CEOI 2010 - A Huge Tower
Problem Link
Tags: 2P, Sorting
Time Complexity: O(nlogn)
In this problem, we are given a list of N block widths, and we are asked to compute the number of towers that can be built, with each block allowing blocks of D tolerance to be placed above or below it.
To begin with, block i can be placed below or above block j only if their widths have a difference of at most D.
First, sort the blocks in ascending order of widths. This will help in determining the blocks that can be placed below and above the different blocks.
Next, for block i, we need to figure out the number of blocks that have a maximum difference of width D. A naive approach would be to use two pointers: keep the left and right pointer at block i initially, but advance the right pointer until we hit a block whose width is more that block i width + D. However, this approach would exceed time limit (time complexity: O(n²))
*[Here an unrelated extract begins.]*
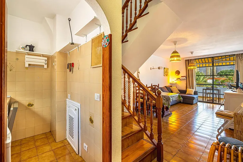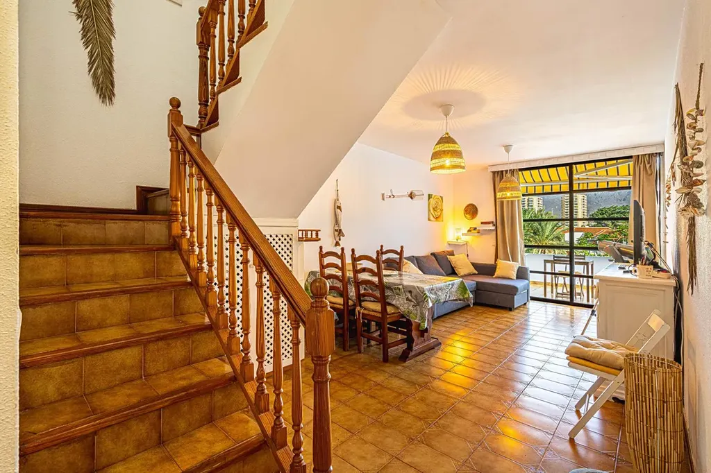 Nabízíme ke koupi útulný duplexový penthouse o celkové ploše 74 m² (66 m² užitné) v exkluzivním komplexu Colón 1, jen 200 metrů od oceánu v centru Playa de las Américas. Tento apartmán je ideální volbou jak pro trvalé bydlení, tak pro investici do krátkodobých pronájmů a spojuje pohodlí, slunce a výbornou dostupnost všech služeb. Nemovitost se nachází ve 2. patře a ačkoli komplex nemá výtah, poskytuje světlé a příjemné prostředí s orientací na jih, což zajišťuje dostatek denního světla. Apartmán disponuje jednou ložnicí s vestavěnými skříněmi, moderní koupelnou, prostorným obývacím pokojem s jídelním koutem a slunnou terasou s nádherným výhledem. Colón 1 nabízí prostorné společné bazény, upravené komunitní zahrady a klidnou atmosféru uprostřed živého centra, kde najdete množství restaurací, obchodů a zábavy, stejně jako snadno dostupnou veřejnou dopravu. Apartmán se prodává plně vybavený a je připraven k okamžitému nastěhování.

Instead of initializing the right pointer's position to i at every iteration, we can simply pick up where the right pointer stopped at the previous iteration, and continue advancing it as described in the naive approach. This works because all blocks that block i can tolerate will be tolerable by block i+1 since block i+1 will be greater than or equal to block i.
For each block i, the number of blocks that have a maximum difference of D is the number of blocks that fall within the range of the right and left pointer (i.e position of right - position of left). Let's call this number X. Since the problem asks for number of solutions, the answer will be the product of all the values of X for each block i as this computes the number of permutations of X.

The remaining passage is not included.